Stretched clustering has been something that I have wanted to set up for my home lab for a while, but it would not be feasible with my current hardware. Recently I was selected to be a part of the vExpert program for the third year. One of the perks of this is the use of Ravello cloud. They have recently made a lot of advancements that has greatly increased the performance. Now they have also added a bare metal option which which makes the performance even greater. I am skipping most of the steps to setup vSAN, and trying to only include what is different for a stretched cluster.
The high level architecture of a stretched vSAN cluster is simple.
- Two physically separated clusters. This is accomplished using Ravello Availability grouping.
- A vCenter to manage it all.
- External witness. This is needed for the quorum. Which allows for an entire site to fail with it and the vm’s to fail over.
- Less than 5ms latency between the two site. This is needed because all writes need to be acknowledged at the second site.
- 200ms RTT max latency between clusters and witness.
If this was a production setup there would be a few things to keep in mind.
- All writes will need to be acknowledged at second site. So that could be an added 5ms of latency for all writes.
- You can use layer 2 and 3 networks between the clusters. You would want at least 10gb for the connection between sites.
- You can use layer 2 and 3 networks with at least 100mbs for the witness.
Deploying on Ravello
For the architecture of this deployment we will need 3 sections
- Cluster Group 1 (Availability groups simulate separate data center)
- Cluster Group 2 (Availability groups simulate separate data center)
- vSAN network and Management/Data Network
There needs to be a DNS server and a vCenter. I used Server 2016 to setup both the DNS server and Domain Controller. I used the vCenter appliance 6.5 which I then deployed to an separate mangement ESXi hosts.
These consist of 2 ESXi 6.5 hosts each. They use Availability Groups to keep them physically separated to simulate the stretched cluster. Group 1 used AG1 and Group 2 used AG2
I manually setup the DNS entries on the Server 2016 DNS, and the two networks consists of the following.
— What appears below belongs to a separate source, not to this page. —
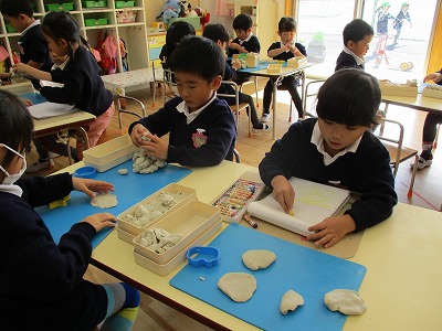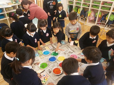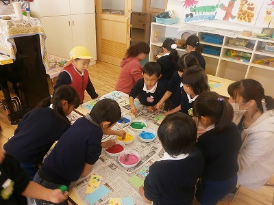 今日は昨日に引き続き、いも版を使って、ハンコ押しを楽しむ姿が見られました。うさぎ組も、さくら組に、教わりながら、ハンコ押しをしていました。

- 10.0.0.0/16 Data/Management
- 10.10.0.0/16 vSAN
The witness is an easy to deploy OVF. It creates a nested ESXi host that runs on top of a physical host. The networking consists of the following
- vmk0 Management Traffic
- vmk1 vSAN Traffic
Once the OVF is deployed add the new witness host into vCenter. You will see it in vCenter as a blue ESXi host.
Creating the Cluster
Now that every is setup and online it is time to create the cluster. All four hosts need to be in one cluster in vCenter. Go to the cluster settings and start the setup of vSAN. Choose configure stretched cluster.
Now break out the two fault domains to correspond to the availability groups setup on Ravello
After the disk are claimed you now have a stretched vSAN cluster that provides high availability across two data centers. One cluster or one node can go down, and your VM’s can fail over and keep on running.